◆ **DATASET EXTRACT**
──────────────────────────────
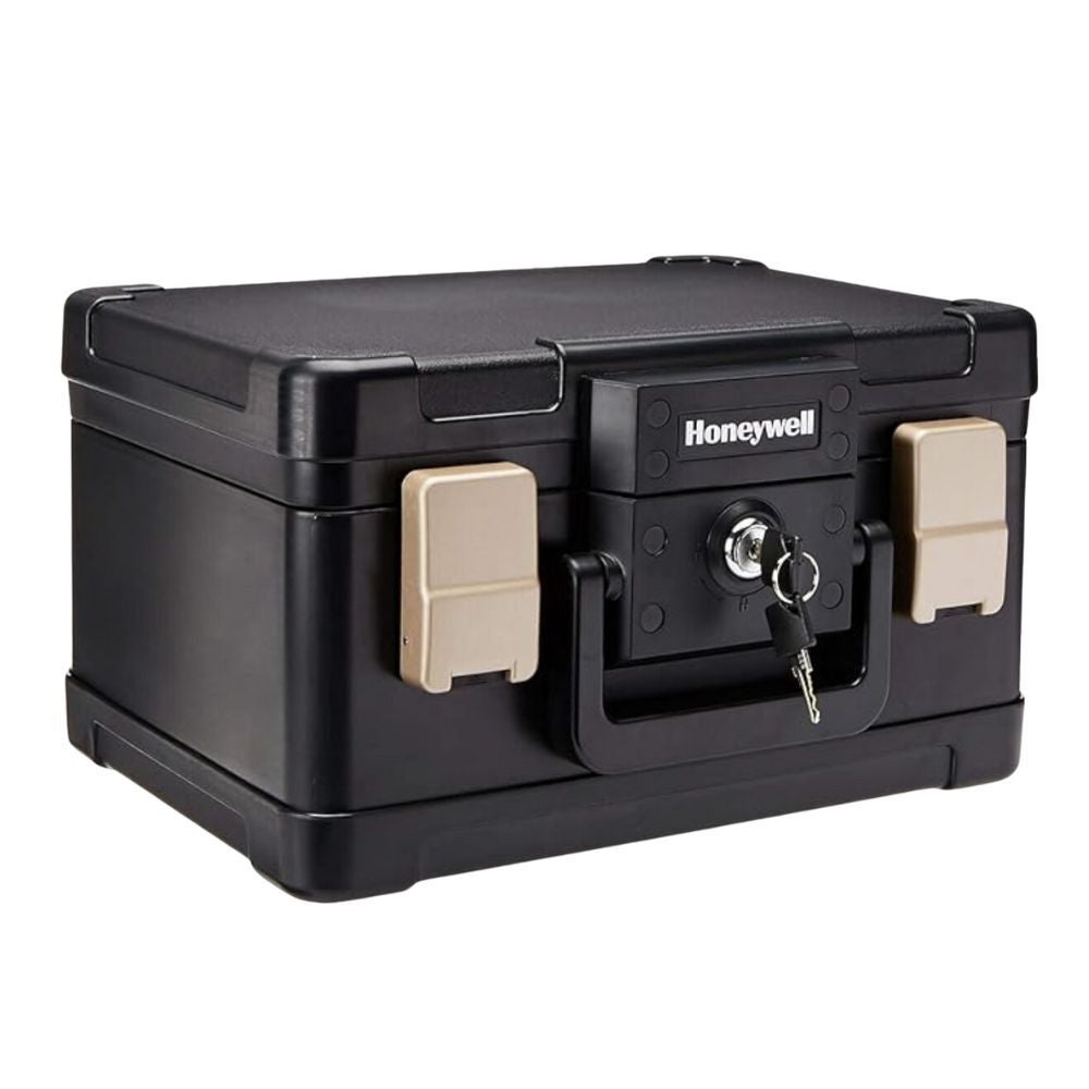 This safety box is fireproof and waterproof; it can hold letter and A4 size documents lying down.
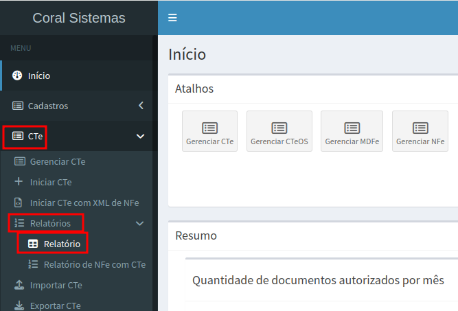 O primeiro passo é ir no menu lateral em CTe e então na opção Relatório, conforme mostra a imagem abaixo
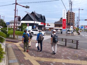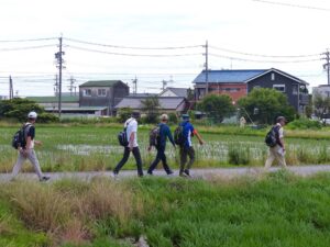 ミーティング後吹き渡る涼風に背中を押され、歩き遍路出立しました。
──────────────────────────────
Could you copy the lines above exactly and skip the images?

◆ **RESULT FOR THIS EXERCISE**
 This safety box is fireproof and waterproof; it can hold letter and A4 size documents lying down.
 O primeiro passo é ir no menu lateral em CTe e então na opção Relatório, conforme mostra a imagem abaixo
 ミーティング後吹き渡る涼風に背中を押され、歩き遍路出立しました。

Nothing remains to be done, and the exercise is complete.